2.a. A Secretariat shall be set up with a view to the preparation of the issues and the implementation of the resolutions of the Assembly. The Secretariat shall be composed of seven (7) members. Its members shall be elected by the Assembly.
b. The seat of the Secretariat shall be in Athens. The Secretariat shall be convoked three times a year and extraordinarily in case it is deemed necessary by the Secretary-General.
c. The Secretariat members’ term of office, as well as this of the President of the Assemble shall be for two years
d. Russia and Greece shall be permanent members of the Secretariat.
e. The General Secretary shall direct the works of the Secretariat. He shall be a member of its 7 – member composition. As General Secretary shall be appointed the representative of Greece who shall organize the modus operandi of the Secretariat.
f. The Hellenic Parliament shall undertake the obligation, through its Parliamentary Committee on Religion and Orthodoxy, to provide the necessary support for the functioning of the Secretariat.

Article 6

The present Founding Act, which was adopted on 5 November 1994 by the participating states in the Founding Synod of the European Interparliamentary Assembly on Orthodoxy in Athens, was drawn up in the Greek, Russian, English and French languages; each text is equally authentic and shall be signed by the delegations.

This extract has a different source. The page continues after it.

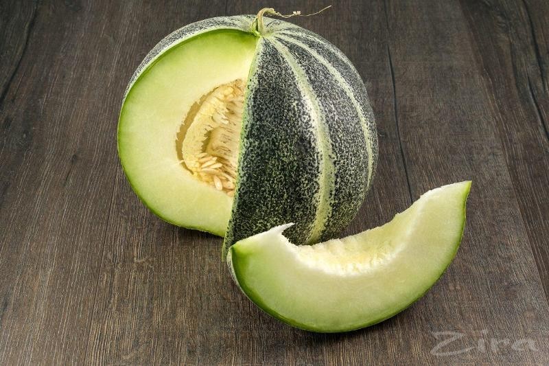 Зеленая шкурка с темными полосками, белая мякоть, слабо выраженный аромат, но удивительно сладкий, сахарный вкус — вот что такое дыня сорта жура канд. Этот вид тоже относится к мягким сортам, она довольно нежная и капризная — в холодильнике нарезанную дыню можно хранить всего один день. В неразрезанном виде она может храниться до четырех дней.
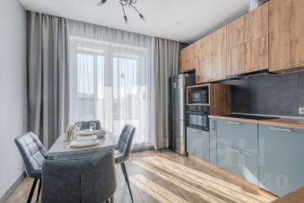 Квартира с евроремонтом, полностью готова к проживанию. Здесь есть всё необходимое для комфортной жизни: кондиционер, холодильник, посудомоечная и стиральная машины, телевизор. Мебель на кухне и в комнате создаёт атмосферу уюта и домашнего тепла. Санузел совмещённый, оборудован ванной.

Article 5, par. 1, sub-par. B, second phrase and Article 5, par. 2 sub-par. C have been thus formulated, following the amendments voted upon by the General Assembly, convoked in Sofia in 1996.

[Passed at the annual convention of E.I.A.O. held in Warsaw in June of 1998]


1. Based on the Founding Act of the European Interparliamentary Assembly on Orthodoxy, as adopted at the Founding General Assembly of Athens in 1993 and amended at the General Assembly of Sophia in 1996, members of the Assembly, participating with parliamentary delegations, are the countries mentioned below:
Albania, Armenia, Bulgaria, Georgia, New Yugoslavia, Greece, Estonia, Kazakhstan, Cyprus, Latvia, Belarus, Lithuania, Moldavia, Ukraine, Poland, Rumania, Russia, Slovakia, Chechia, and Finland, i.e. 20 countries.
2. Observers, in the sense of article 2, par. c. of the Founding Act or for whatever other reason the General Assembly resolved, may be parliamentary delegations from other European states or likewise from other states of other continents, which spiritually belong to the Ecumenical and the other initially established Patriarchates. The members of parliamentary delegations of countries participating as observers in the Assembly, hold solely the right of speech, are not eligible for Secretaryship, while they are eligible for members of the committee or participation in working groups.
3. The way of appointment and the number of members of parliament participating in each delegation is stipulated in article 2 of the Founding Act the General Assembly (G.A.), following a proposal made by the Secretariat, brings paragraph b of article 2 of the Assembly’s Founding Act into effect.
4. The General Assembly, following a proposal made by the Secretariat, increases the number of the E.I.A.O. members and of the observers.
5. The term of office as members of delegations coincides with the term of office as members of the national parliament in which one belongs. Participation of members in the delegation is confirmed by the President of the national parliament in each annual General Assembly.
6. The E.I.A.O. delegation members must be members of their national Parliaments. In case a delegation member ceases being a member of his national Parliament, he then, likewise, ceases being member of his delegation, while the parliament in which he belongs appoints a new member instead.
7. In case a member is for whatever reason in no position to participate in the E.I.A.O. events the President of the national parliament may appoint a temporary substitute for a certain event or time period. In such cases, the substitute bears all the rights of the member he is substituting for.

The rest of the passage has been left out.